In 2019, JetSuite had been named to a list of Dallas’s fastest-growing privately held companies. However, the retrenchment in 2020 resulted in “the loss of valuable salespeople for the Debtor’s operations, which only further strained its revenue.”

Yet it appears the current COVID-19 pandemic that proved the final straw. “Every state within the Debtor’s primary service area was placed under a ‘stay at home’ order or a variant of the same.”

In early April, “the Debtor realized it would not have sufficient cash to fund operations, including its payroll obligations due and payable on and after April 30, 2020.”

The filing noted JetSuite wasn’t able to obtain any CARES Act funds. It isn’t clear if the company ever formally applied for the support. JSX received $8.9 million. The court documents claim neither JetSuite’s parent or affiliates, including JSX, gained any benefits from intra-company cost-sharing arrangements.

Despite its high profile brand, blue-chip investors, and good reputation, the filing said the Part 135 operator couldn’t overcome “race to the bottom” pricing.

Missing the private jet rebound

JetSuite survived the turmoil of the 2008 financial crisis with a no-frills approach. This time, the company, known for the red stripe down the center of its jets, missed the sudden updraft that has since propelled the industry to near pre-COVID-19 flight levels.
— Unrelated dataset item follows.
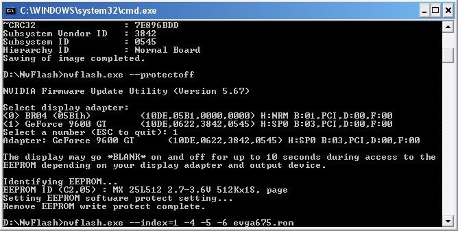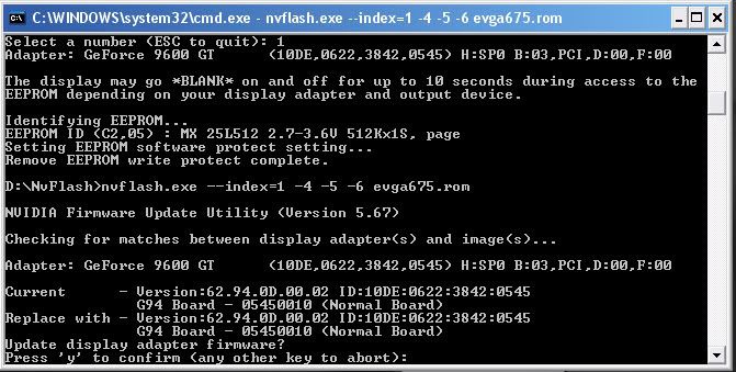 Mine is #1 so I will type mine as such. "nvflash.exe --index=1 -4 -5 -6 evga675.rom" Just use your card number and your filename.rom.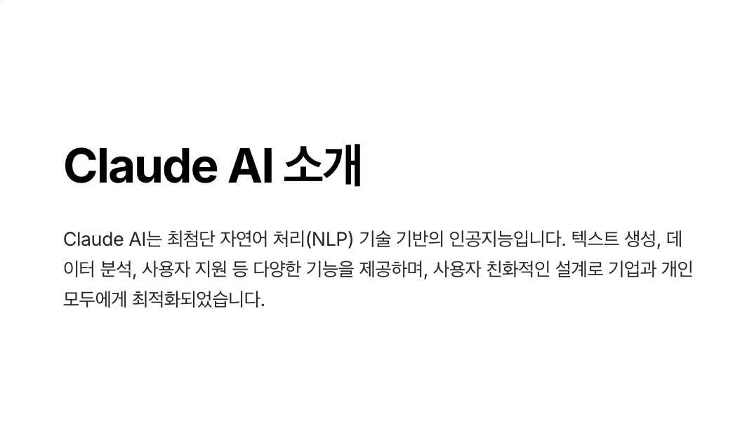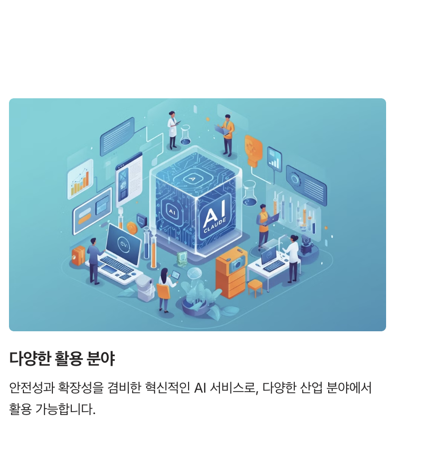 Claude AI는 단순히 텍스트를 생성하거나 데이터를 분석하는 도구를 넘어, 더 나은 사용자 경험과 혁신적인 결과를 제공하는 AI 서비스입니다. 강력한 자연어 처리 기술과 직관적인 인터페이스, 그리고 다양한 산업에서 활용 가능한 확장성을 통해 AI 기술의 새로운 표준을 제시하고 있습니다.

Ironically, NetJets, known as one of the industry’s pricier options, said May was its best month for new customer acquisitions since 2007. This week it announced it will take delivery of 60 new private jets by the end of 2021 that it had deferred back in April.

Directional Aviation’s Sentient Jet, another upmarket provider, also reported a big bounce. Earlier this week it launched FXAIR, describing it as a premium charter broker.

JetSuite 2.0?

Pan Am, Eastern Airlines, People Express, and even Midway. Aviation entrepreneurs like to recycle names of dead airlines or create a 2.0 of some sort.

One element of the reorganization plan that gives unsecured creditors 2.3 to 15% of their claims, or tickets on JSX, may offer a clue to the future. The documents call for the parent company to retain ownership of Superior Air Charter’s Part 135 operating certificate and the JetSuite brand with associated trademarks, perhaps foreshadowing future plans to re-enter the charter market at some point.

Deadline for Creditors to vote on the plan is Aug. 27, with a hearing scheduled for Wilmington, Delaware on Sept. 3.